The decisions of the FTT, in Standard Chartered Plc v HMRC; Lloyds Banking Group Plc v HMRC [2014] UKFTT 316 and MG Rover Group Ltd v HMRC, BMW (UK) Holdings and Rover Company Ltd v HMRC [2014] UKFTT 327, turned on the interaction between the grouping provisions in VATA 1994 s 43, when a company moved into or out of a VAT group, and the entitlement to repayment under VATA 1994 s 80.

It had been directed that all the appeals be heard together. The UT found that the scheme created by s 43 complied with art 4(4). The transactions undertaken by each member were treated as if undertaken by one person, so that each individual member was no longer a taxable person and intra group transactions were disregarded. This satisfied the requirement that members were treated as if they were a single person.
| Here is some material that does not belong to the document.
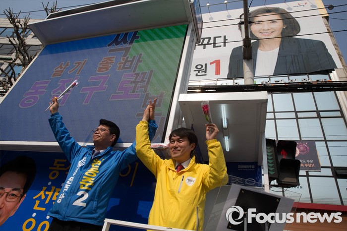 (서울=포커스뉴스) 20대 총선을 6일 앞둔 7일 오후 서울 동작구 남성역 골목시장 인근에서 허동준 더불어민주당 동작구을 후보와 김종철 정의당 후보와 후보 단일화에 합의하고 손을 들어올리고 있다.

Consequently, VATA 1994 provided only the representative member with the associated rights to make a claim under s 80. This meant that transactions which had taken place while a VAT group had existed, did not cease to be subject to that regime when a member left the group or a group was disbanded.

Read the decision.

Why it matters: Two FTTs had reached differing views on this question, deciding in the case of Lloyds and Standard Chartered that the claim remained with the VAT group, but in MG Rover and BMW that the claim belonged to the former member. The UT observed that VATA 1994 s 43 provided a two stage process. At the first stage, the VAT rights and obligations of a notional single person were determined. At the second stage, those rights and obligations were attributed to the member who had been treated as that single person; the representative member of the group.

‘Businesses and advisers will therefore need to pay close attention to who is entitled to submit any bad debt relief claim, once the RWS (real world supplier) is separate from the VAT group it was in at the time the sales were made. Indeed, the UT judges suggest that arrangements could be made to ensure that the RWS  receives the benefit of any bad debt relief or VAT repayment claim when it leaves the group (assuming all parties are agreeable to that)’ (Sian Beusch, Tax Journal, 17 November 2016).